Also crucial in setting the market's tone will be Thursday's weekly jobless claims and a survey of economic conditions in the Mid-Atlantic region by the Federal Reserve Bank of Philadelphia.
"The market's been oscillating ... with each move synchronized by daily volatility in the crude oil futures market. We see that pattern continuing," said Fred Dickson, market strategist and director of retail research at D.A. Davidson & Co. in Lake Oswego, Oregon.
"The market will probably continue to remain inflation focused with PPI coming up. Our take is that investor reaction to the CPI was that it could have been worse."
U.S. front-month crude ended the week down 2.7 percent. On Wall Street, stocks finished higher for the day, with the Dow up 1.4 percent on Friday, the S&P 500 up 1.5 percent and the Nasdaq up 2.1 percent.
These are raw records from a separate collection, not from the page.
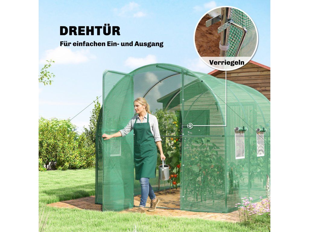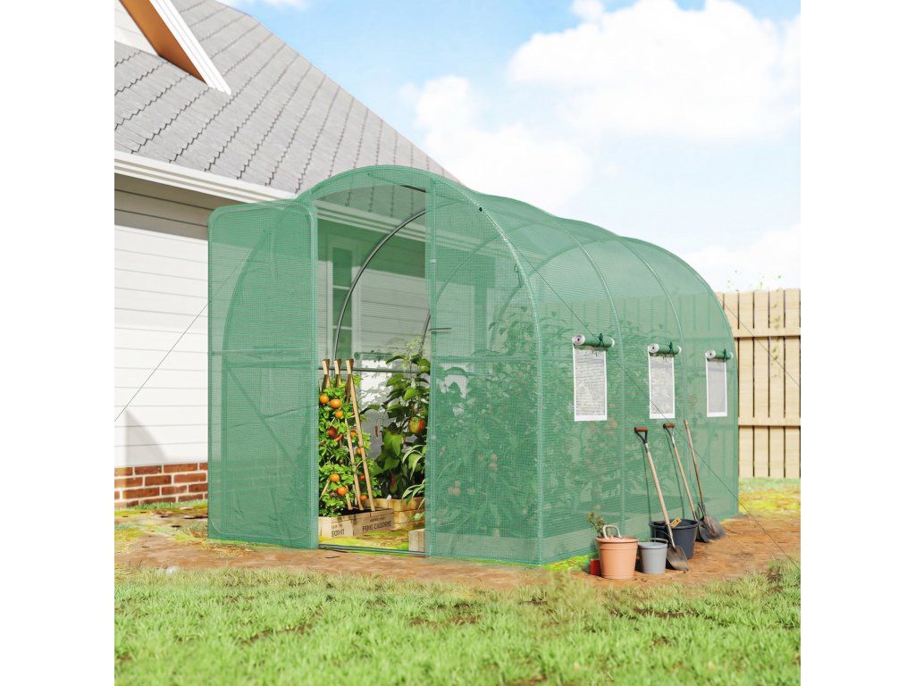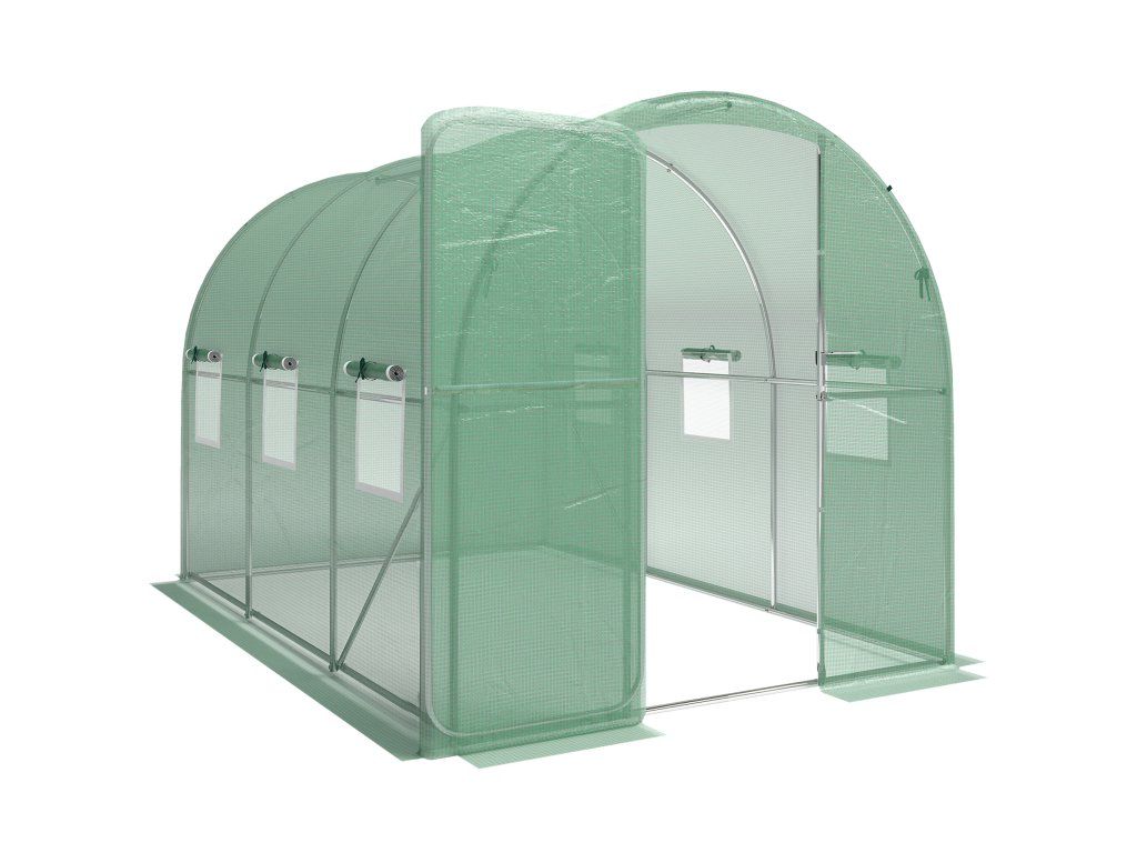 Fóliový skleník s uzamykatelnými dveřmi | zelený
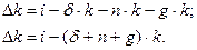 Экономический смысл полученного выражения заключается в следующем. С учетом роста народонаселения капиталовооруженность сокращается за год на величину
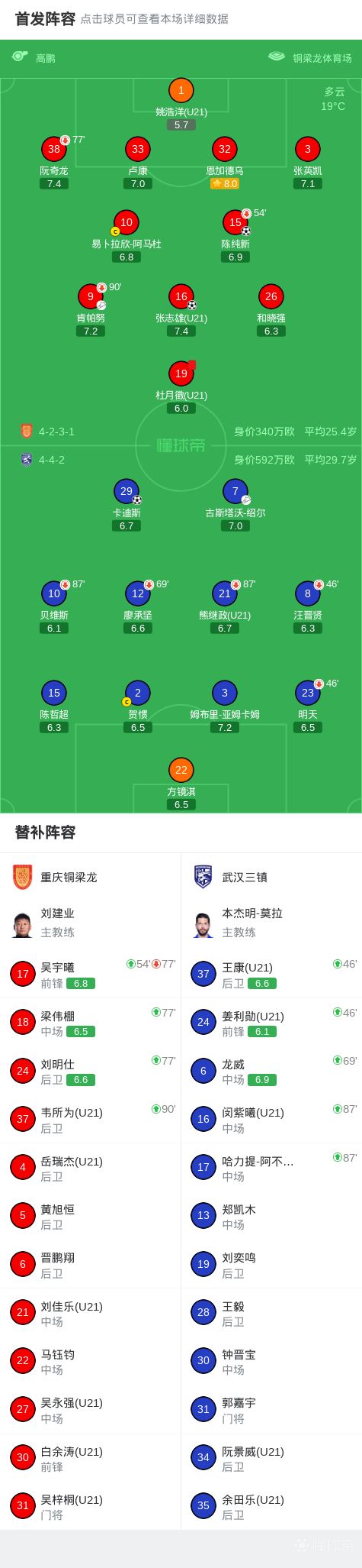 北京时间4月11日中国足球超级联赛第5轮,重庆铜梁龙主场对阵武汉三镇。重庆铜梁龙陈纯新、张志雄分别破门,杜月徵染红。卡迪斯扳回一城。最终比分重庆铜梁龙2-1武汉三镇。
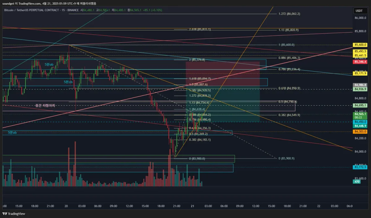 진입:84986.8/스탑:85373.2/익절:84448.9/손익비 1:1.39
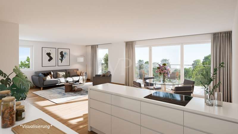 The 3.5-room apartment on offer on the 1st floor has a size of approx. 89 m² and impresses with its advantageous layout and the large, covered balcony with a view of the greenery. The spacious, bright rooms and the daylight bathroom offer you pleasant living comfort at an exclusive level. The elevator and level-access shower allow barrier-free living for all age groups. The apartment has high-quality oak parquet flooring and oversized tiles. The central and quiet residential location as well as the good connections to Ludwigsburg and Stuttgart make this well-designed apartment even more attractive.
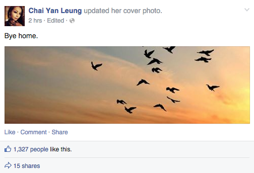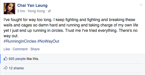 Chai Yan Leung, the daughter of Hong Kong’s Chief Executive CY Leung, has claimed on Facebook page that she is leaving home after being hit and kicked by her mother.
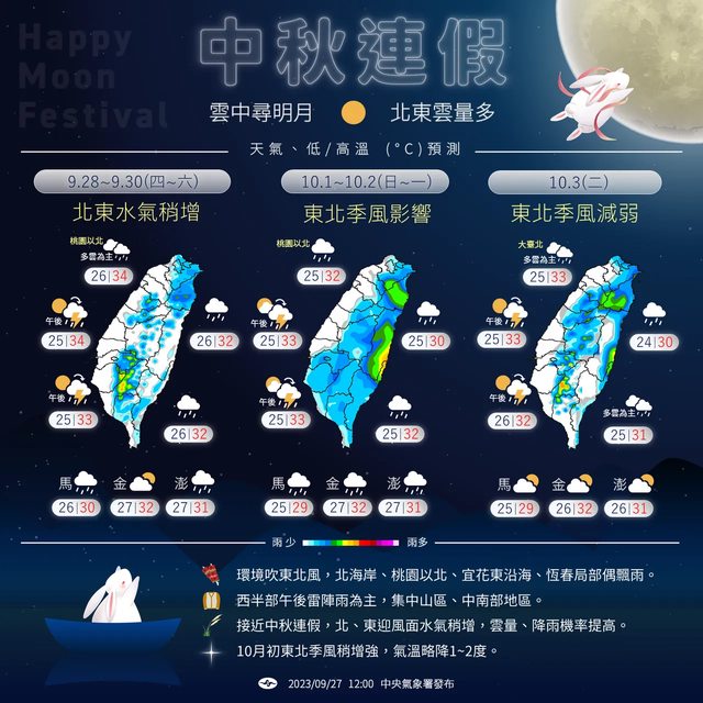 標題[新聞] 今全台有雨!東北風挾雨鬧中秋 一圖看月
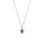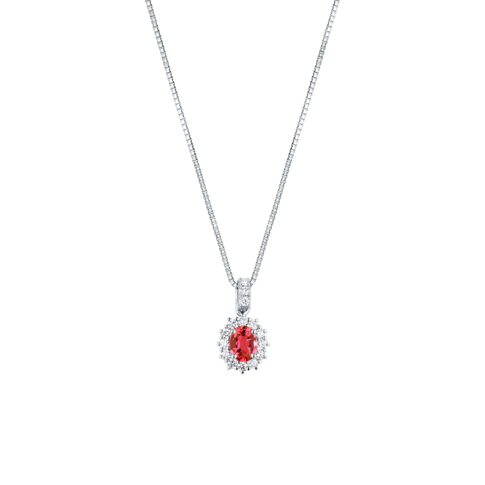 Elegante ciondolo in oro bianco 18kt con rubino naturale dal taglio ovale (Mozambico) impreziosito da un raffinato contorno di diamanti taglio brillante. Un gioiello luminoso, femminile e sofisticato, perfetto per donare un tocco di colore prezioso a ogni look.

For the week, though, the market's performance was mixed: The Dow Jones industrial average rose 0.8 percent, while the Standard & Poor's 500 dipped 0.1 percent and the Nasdaq Composite Index fell 0.8 percent.
The Fed's Inflation Fixation
Friday's gains were driven by some reassuring news on the inflation front.
A government report on the U.S. Consumer Price Index showed that underlying price pressures were muted in May, easing fears of inflation and a near-term rise in interest rates.
Despite relentless rises in oil and food prices recently, investors bet that statistics that point to no runaway inflation would allow the Fed to keep interest rates steady.
To spur an economy hamstrung by the housing market's slump and losses in the financial sector from the mortgage crisis, the Fed has slashed its benchmark interest rate by 3.25 percentage points since mid-September 2007 to 2.0 percent currently.
"I think we're probably still stuck in a fairly broad trading range with 1,240 to 1,250 on the S&P at the bottom and 1,500 to 1,525 on the upper end," said Craig Hester, president and chief executive of Hester Capital Management in Austin, Texas.
"The stock market is fighting the headwinds of an economy that, if it is not in a recession, is definitely reflecting decelerating momentum." The S&P 500 ended Friday's session at 1,360.03.
The diary of Fed officials due to speak next week is rather light, with policy setters likely to be gearing up for the two-day rate policy meeting set for June 24-25. Even so, investors will keep an eye out for a speech by Federal Reserve Bank of Richmond President Jeffrey Lacker on the economy Monday and remarks on global finance by Federal Reserve Bank of San Francisco President Janet Yellen Wednesday.
Fed Chairman Ben Bernanke, who warned this past week that the central bank would strongly resist rising inflation, is scheduled to speak on challenges for health-care reform on Monday.
"It's hard to think the market is seeing fantastic growth. Instead, the market seems to be seeing stagflation, and to me that is toxic to stocks, absolutely toxic," said Brian Gendreau, investment strategist at ING Investment Management in New York.
"What really bothers me is the Federal Reserve's shift in focus away from growth to combating inflation, and this in the face of almost zero growth in the economy."
Banks on the Hot Seat
On the earnings front, investment banks will command all the attention as investors seek to determine if the financial sector has seen the worst of the credit crisis.
Lehman Brothers, which this past week replaced its chief financial officer and chief operating officer, is scheduled to post second-quarter results Monday. It forecast a quarterly loss of roughly $2.8 billion -- its first-ever loss.
Rival Goldman Sachs is scheduled to post its quarterly results on Tuesday. Morgan Stanley's earnings are due Wednesday.
Other results on tap next week include those of design software maker Adobe Systems and those of FedEx Corp .
As an economic bellwether, FedEx will be on investors' radar for anything it says about the impact of high fuel costs on its business outlook.
Even though U.S. oil futures prices fell Friday and ended the week lower, the July crude contract was only about $5 below its NYMEX record of $139.12 set a week ago.